[Entries taken from a collection]
——————————
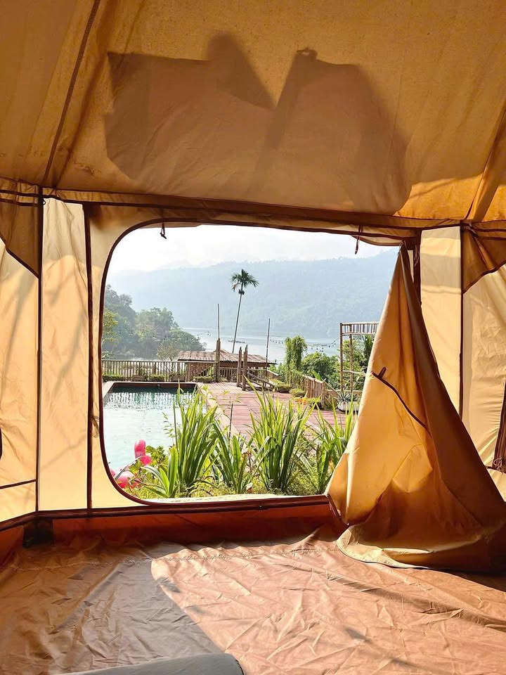 Trải nghiệm glamping gần hồ và bể bơi chung
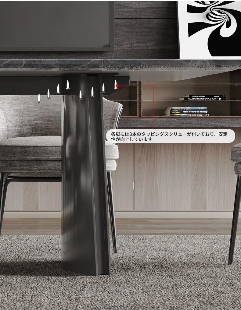 オレオグレー高級石/2.2メートルダイニングテーブル
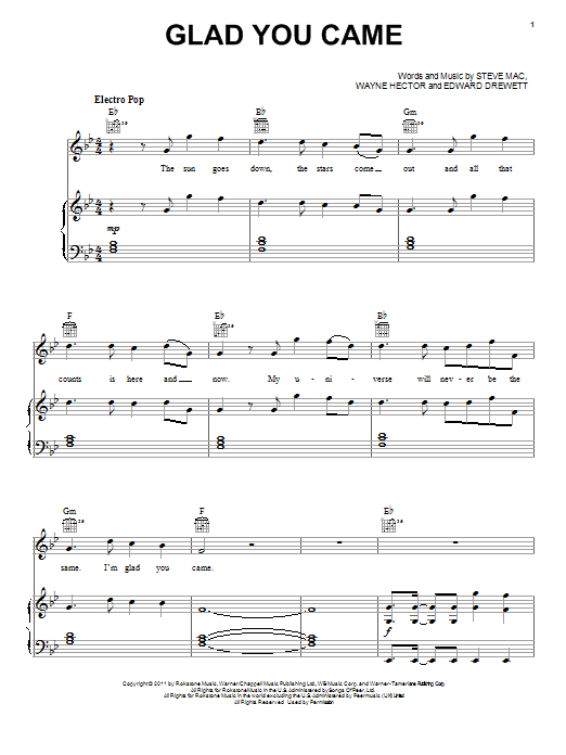 Download or print The Wanted Glad You Came sheet music, chords and digital score arranged for Flute Solo. This Pop score includes 2 page(s).
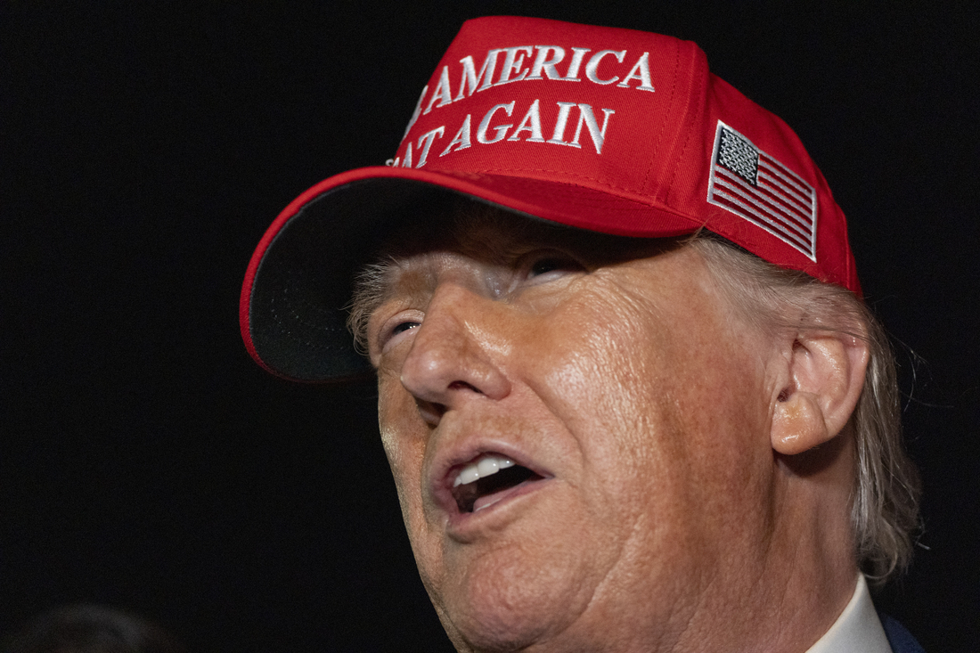 4일(현지시간) 도널드 트럼프 미국 대통령이 워싱턴 인근 앤드루스 합동기지에서 연셜하고 있다. AP연합뉴스 |
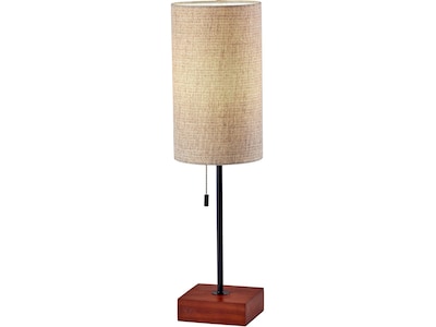 Illuminate your space in a stylish blend of neutral colors with this Adesso Trudy table lamp. This modern lamp artfully mixes materials and shapes, with a cube-shaped base in a warm walnut finish, thin black stem, and a tall drum-shaped shade. The natural color (beige and brown) textured fabric shade softly distills light from a 60W bulb (not included). Operated by a pull-chain switch that matches the stem, this table lamp also comes with a 5' brown cord.
——————————
_EXERCISE OBJECTIVE:_ Above are records to transcribe exactly; leave their pictures out.

_TASK SOLUTION:_
 Trải nghiệm glamping gần hồ và bể bơi chung
 オレオグレー高級石/2.2メートルダイニングテーブル
 Download or print The Wanted Glad You Came sheet music, chords and digital score arranged for Flute Solo. This Pop score includes 2 page(s).
 4일(현지시간) 도널드 트럼프 미국 대통령이 워싱턴 인근 앤드루스 합동기지에서 연셜하고 있다. AP연합뉴스 |
 Illuminate your space in a stylish blend of neutral colors with this Adesso Trudy table lamp. This modern lamp artfully mixes materials and shapes, with a cube-shaped base in a warm walnut finish, thin black stem, and a tall drum-shaped shade. The natural color (beige and brown) textured fabric shade softly distills light from a 60W bulb (not included). Operated by a pull-chain switch that matches the stem, this table lamp also comes with a 5' brown cord.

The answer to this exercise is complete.